** RECORDS FOR THIS EXERCISE follows **
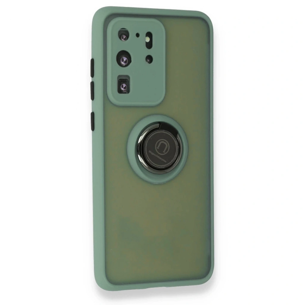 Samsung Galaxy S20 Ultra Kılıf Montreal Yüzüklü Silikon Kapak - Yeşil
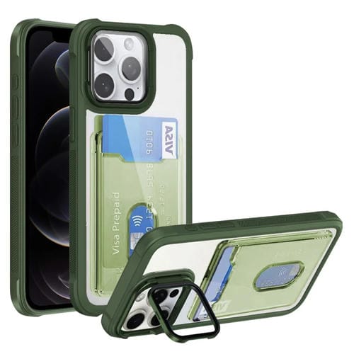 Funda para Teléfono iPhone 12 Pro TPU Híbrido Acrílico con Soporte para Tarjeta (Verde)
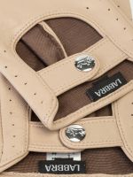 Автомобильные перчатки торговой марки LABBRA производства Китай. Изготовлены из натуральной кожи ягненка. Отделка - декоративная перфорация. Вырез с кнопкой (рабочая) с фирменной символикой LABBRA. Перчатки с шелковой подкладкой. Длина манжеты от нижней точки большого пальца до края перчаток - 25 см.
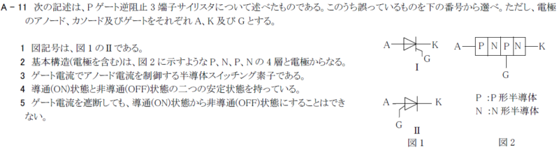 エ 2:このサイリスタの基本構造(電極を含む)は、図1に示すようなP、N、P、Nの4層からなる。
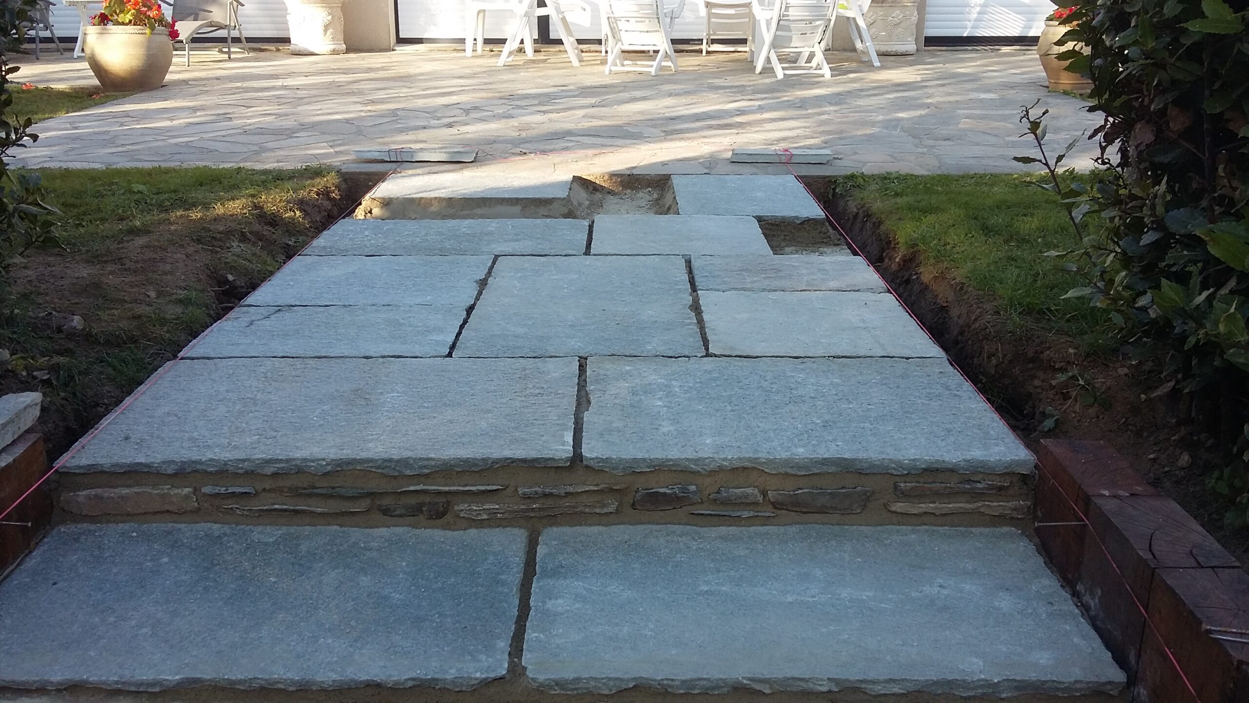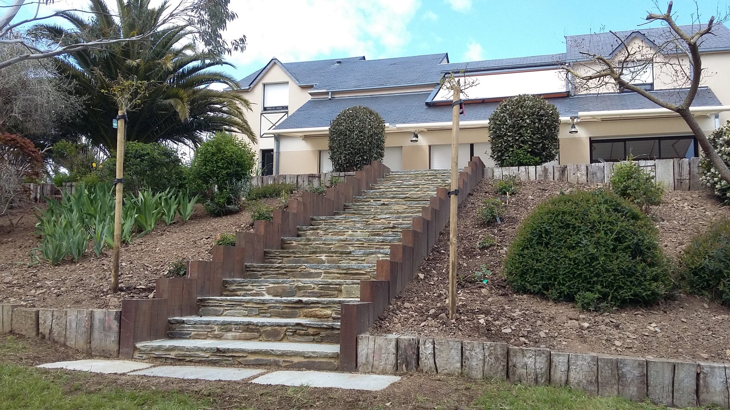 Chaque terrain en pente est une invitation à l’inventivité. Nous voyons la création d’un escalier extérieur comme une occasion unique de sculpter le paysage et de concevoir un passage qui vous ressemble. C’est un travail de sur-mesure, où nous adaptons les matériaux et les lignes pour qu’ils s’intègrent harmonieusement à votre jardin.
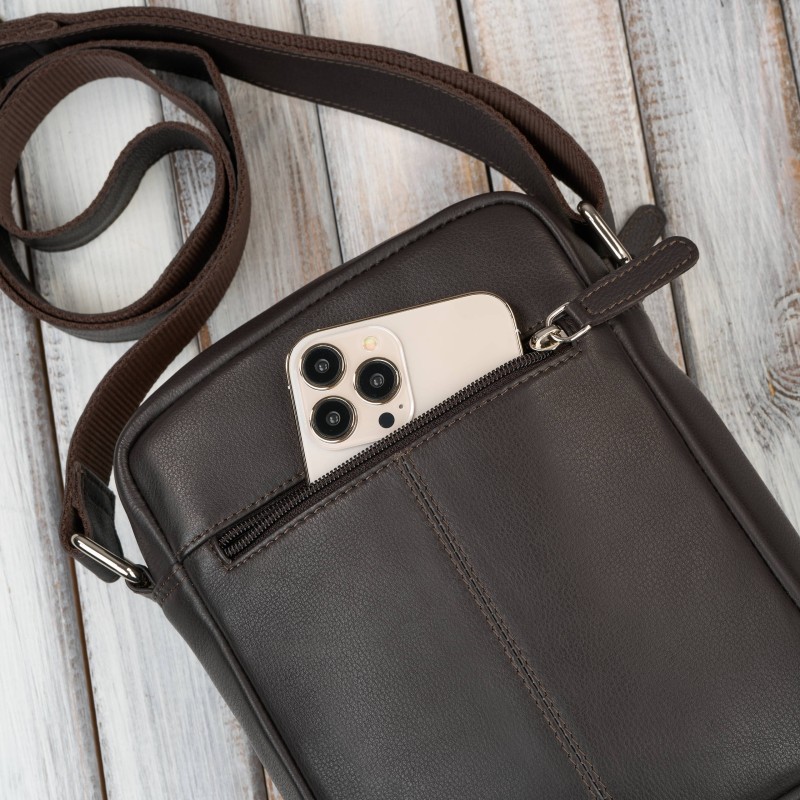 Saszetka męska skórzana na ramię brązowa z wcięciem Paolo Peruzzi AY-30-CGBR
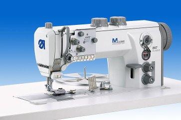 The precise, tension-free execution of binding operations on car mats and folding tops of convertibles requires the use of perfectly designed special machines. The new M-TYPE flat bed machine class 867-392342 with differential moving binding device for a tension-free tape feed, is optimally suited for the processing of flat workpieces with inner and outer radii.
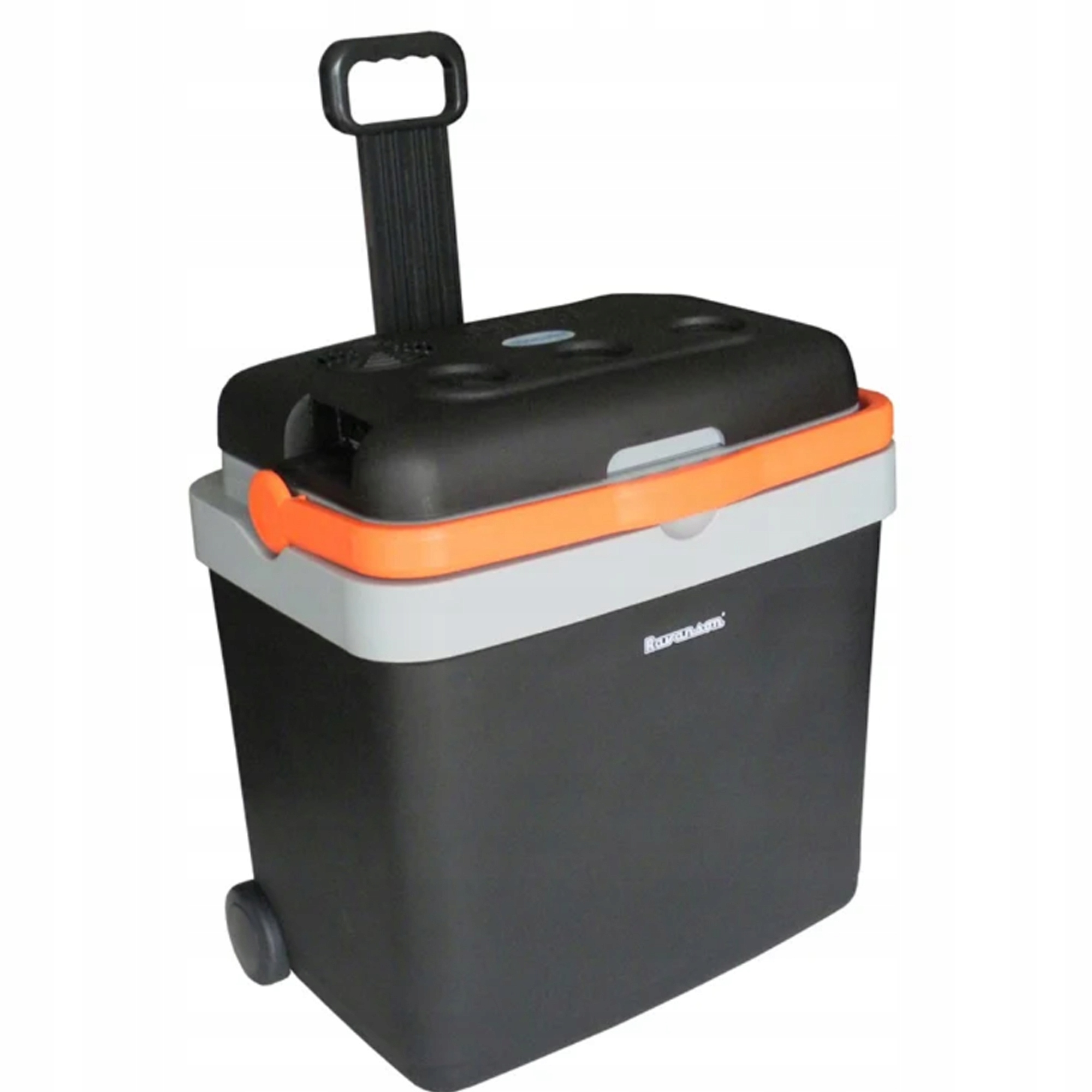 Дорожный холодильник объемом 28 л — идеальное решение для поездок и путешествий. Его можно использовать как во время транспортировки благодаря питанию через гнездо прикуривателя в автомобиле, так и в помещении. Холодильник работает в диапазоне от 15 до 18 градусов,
** End of RECORDS FOR THIS EXERCISE **
** RECORDS FOR THIS EXERCISE follows **
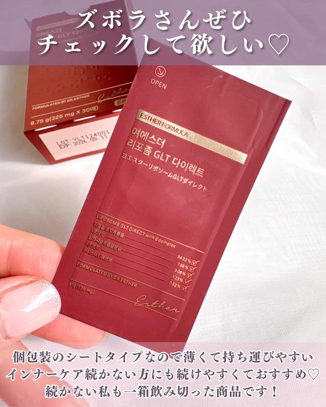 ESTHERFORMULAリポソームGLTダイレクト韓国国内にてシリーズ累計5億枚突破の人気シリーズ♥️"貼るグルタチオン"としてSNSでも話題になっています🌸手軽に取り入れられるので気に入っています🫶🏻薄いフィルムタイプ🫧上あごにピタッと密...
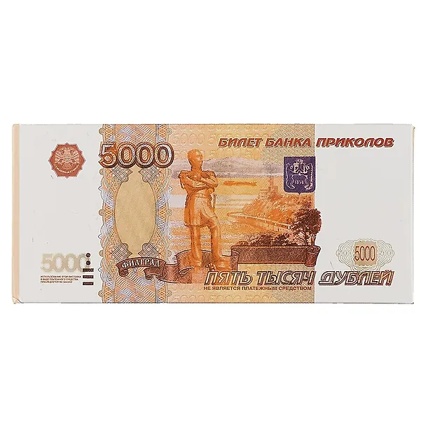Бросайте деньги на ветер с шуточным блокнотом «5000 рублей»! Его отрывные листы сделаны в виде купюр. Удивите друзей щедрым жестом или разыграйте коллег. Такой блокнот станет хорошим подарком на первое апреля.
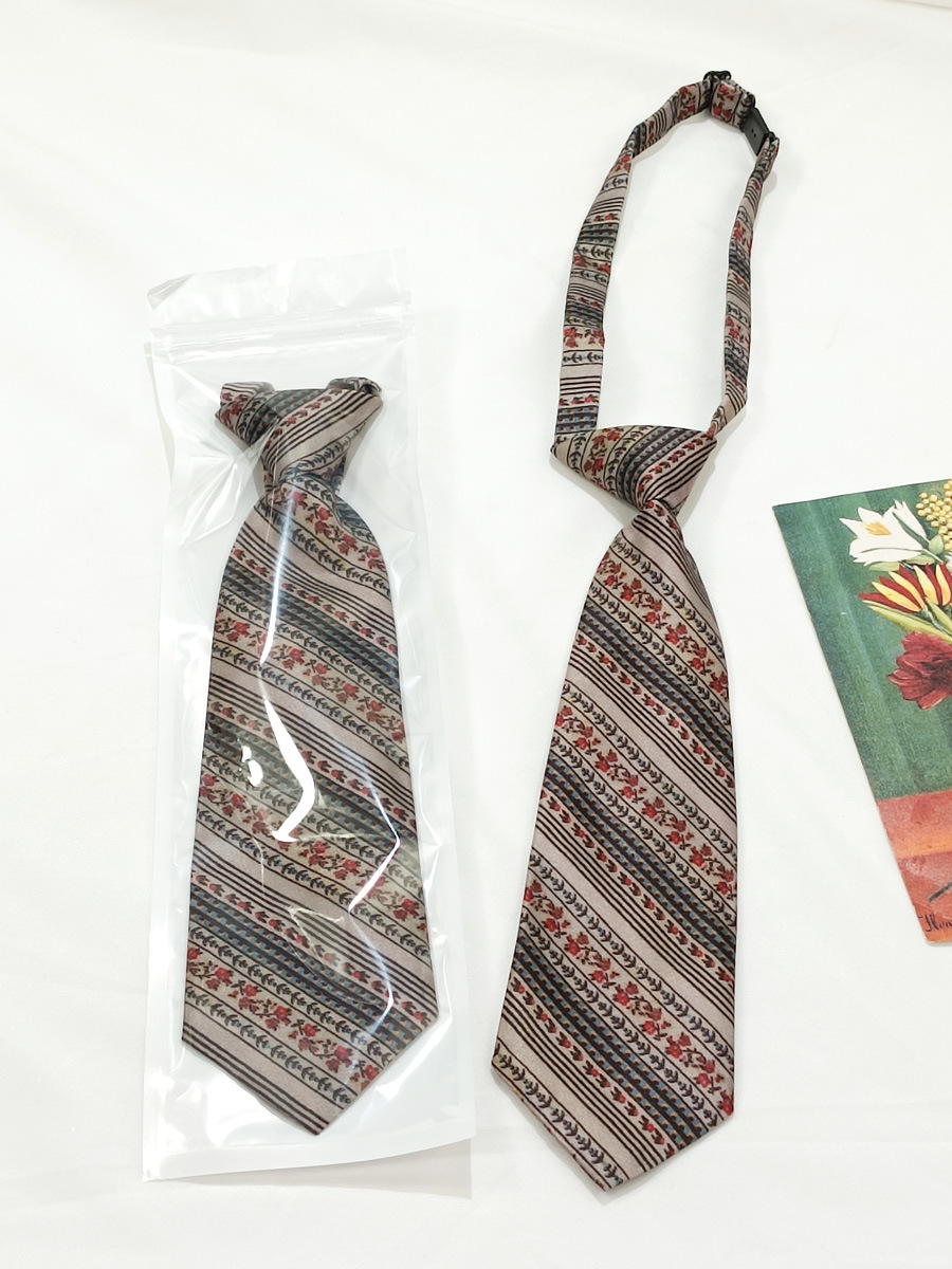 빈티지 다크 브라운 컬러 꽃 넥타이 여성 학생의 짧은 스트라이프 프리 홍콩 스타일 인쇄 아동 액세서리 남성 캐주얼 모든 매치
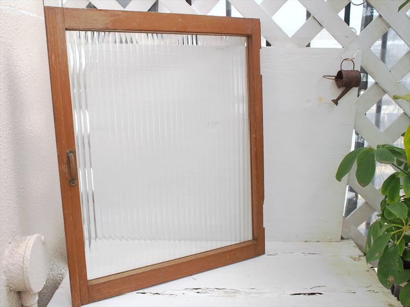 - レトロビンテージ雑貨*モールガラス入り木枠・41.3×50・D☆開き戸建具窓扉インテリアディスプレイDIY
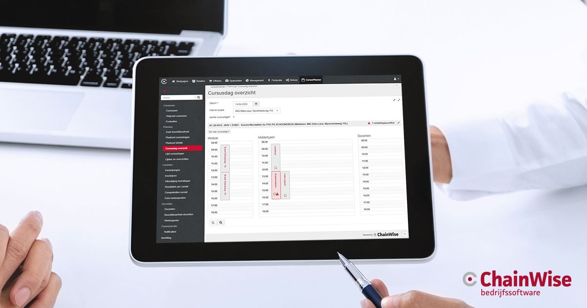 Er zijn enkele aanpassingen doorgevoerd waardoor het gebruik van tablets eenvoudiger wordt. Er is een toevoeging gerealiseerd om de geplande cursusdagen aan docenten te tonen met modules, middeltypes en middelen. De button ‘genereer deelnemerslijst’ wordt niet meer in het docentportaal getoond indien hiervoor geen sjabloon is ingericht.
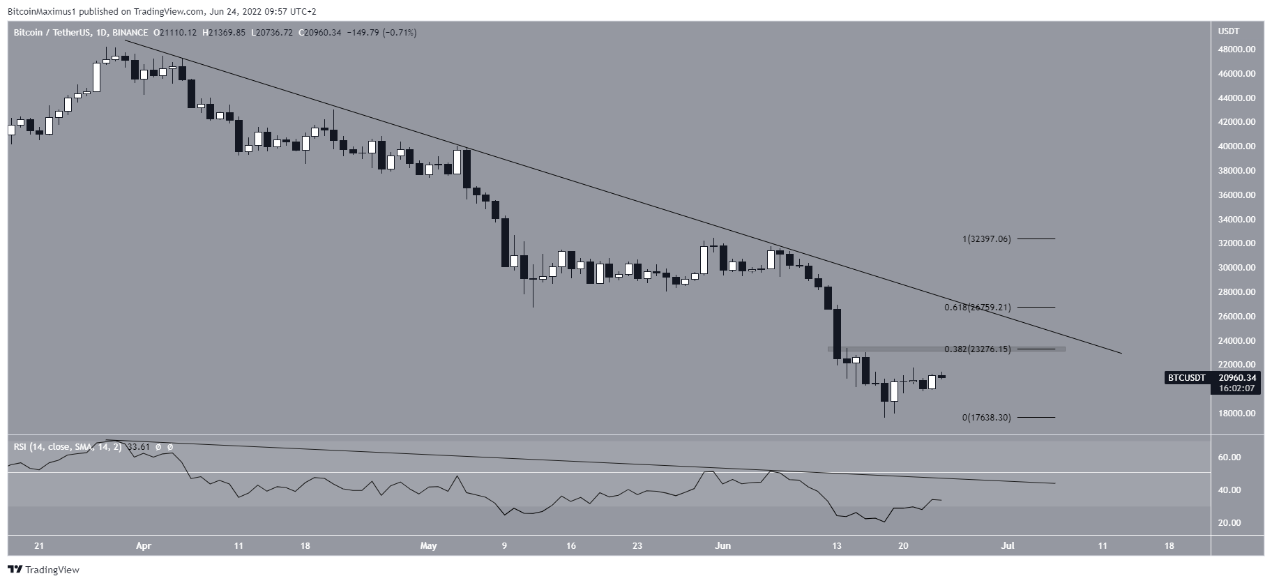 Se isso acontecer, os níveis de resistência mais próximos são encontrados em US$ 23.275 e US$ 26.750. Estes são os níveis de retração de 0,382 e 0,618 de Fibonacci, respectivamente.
** End of RECORDS FOR THIS EXERCISE **
** RECORDS FOR THIS EXERCISE follows **
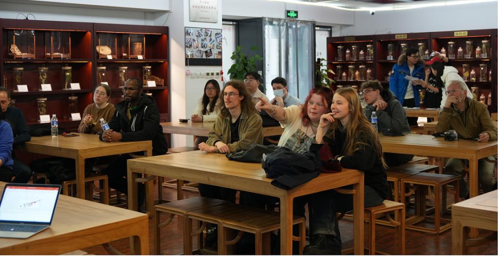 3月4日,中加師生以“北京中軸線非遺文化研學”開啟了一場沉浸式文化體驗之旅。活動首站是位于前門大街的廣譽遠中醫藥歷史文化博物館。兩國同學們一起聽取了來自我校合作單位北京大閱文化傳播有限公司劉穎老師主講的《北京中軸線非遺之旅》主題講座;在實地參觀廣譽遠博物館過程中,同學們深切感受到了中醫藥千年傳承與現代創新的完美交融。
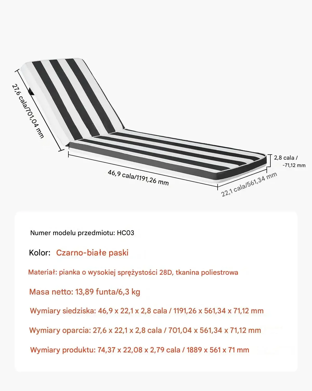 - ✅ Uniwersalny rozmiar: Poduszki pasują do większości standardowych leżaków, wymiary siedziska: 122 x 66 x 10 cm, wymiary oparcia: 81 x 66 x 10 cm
** End of RECORDS FOR THIS EXERCISE **
▶ TRY IT
Copy out the listing above from the line containing "Samsung Galaxy S20" to the line containing "The precise, tension-free", both included, exactly as written and minus the images.

▶ OUTPUT FOR THIS EXERCISE
 Samsung Galaxy S20 Ultra Kılıf Montreal Yüzüklü Silikon Kapak - Yeşil
 Funda para Teléfono iPhone 12 Pro TPU Híbrido Acrílico con Soporte para Tarjeta (Verde)
 Автомобильные перчатки торговой марки LABBRA производства Китай. Изготовлены из натуральной кожи ягненка. Отделка - декоративная перфорация. Вырез с кнопкой (рабочая) с фирменной символикой LABBRA. Перчатки с шелковой подкладкой. Длина манжеты от нижней точки большого пальца до края перчаток - 25 см.
 エ 2:このサイリスタの基本構造(電極を含む)は、図1に示すようなP、N、P、Nの4層からなる。
 Chaque terrain en pente est une invitation à l’inventivité. Nous voyons la création d’un escalier extérieur comme une occasion unique de sculpter le paysage et de concevoir un passage qui vous ressemble. C’est un travail de sur-mesure, où nous adaptons les matériaux et les lignes pour qu’ils s’intègrent harmonieusement à votre jardin.
 Saszetka męska skórzana na ramię brązowa z wcięciem Paolo Peruzzi AY-30-CGBR
 The precise, tension-free execution of binding operations on car mats and folding tops of convertibles requires the use of perfectly designed special machines. The new M-TYPE flat bed machine class 867-392342 with differential moving binding device for a tension-free tape feed, is optimally suited for the processing of flat workpieces with inner and outer radii.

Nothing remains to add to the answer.